Hungarian LGBTQI association

Háttér Society (Háttér Társaság in Hungarian, háttér means background) is an NGO representing LGBTQI people in Hungary. It operates a telephone hotline, a legal aid service, an HIV/AIDS prevention program and an archive. Besides its core activities, Háttér participates in research and training projects and lobbies for the rights of LGBT people through legal change, including against the 2021 Hungarian anti-LGBT law. Háttér is a founding member of the Hungarian LGBT Alliance, and an active member of ILGA-Europe.

== History ==
Háttér was founded in 1995.

== Activities ==
Háttér Society ran a survey of 2,000 people showing that 42% thought about suicide while 30% had attempted it. Suicide thoughts occurred mostly among teenagers, about 64% of respondents, Háttér said. The Society has conducted other surveys and research, in part funded by ILGA Europe. They have written shadow ("parallel") reports for the United Nations Human Rights Council Universal Periodic Review (UPR) in 2015 and 2021.

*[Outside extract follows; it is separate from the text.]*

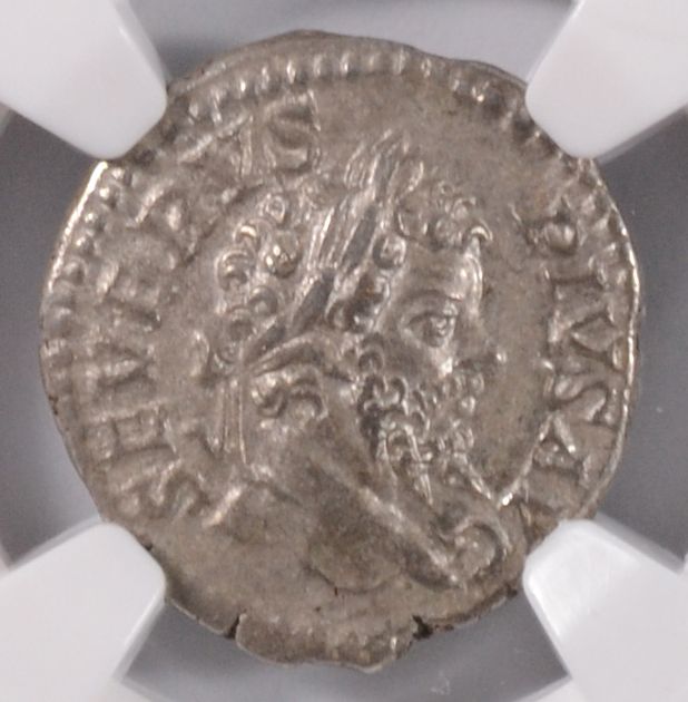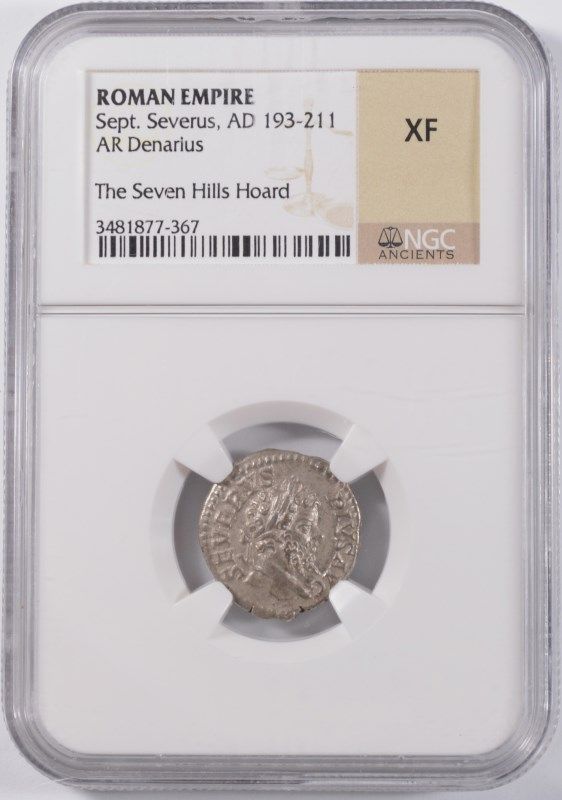 ANCIENT ROMAN SILVER DENARIUS, RULE OF SEPT. SEVERUS, AD 193-211 NGC XF!

The Society's lobbying activities include efforts in 2017 to achieve inheritance tax equality for gay widows and widowers. In 2018, Háttér Society released a short film intended for parents of gay children.

After the Orbán IV government passed the Hungarian anti-LGBT law in 2021, Háttér and Amnesty International were among a group of NGOs condemning the law in a joint letter. Háttér stated that discrimination and violence against LGBT people increased after the law was passed.

Háttér Society runs its own archive, the Háttér Archive.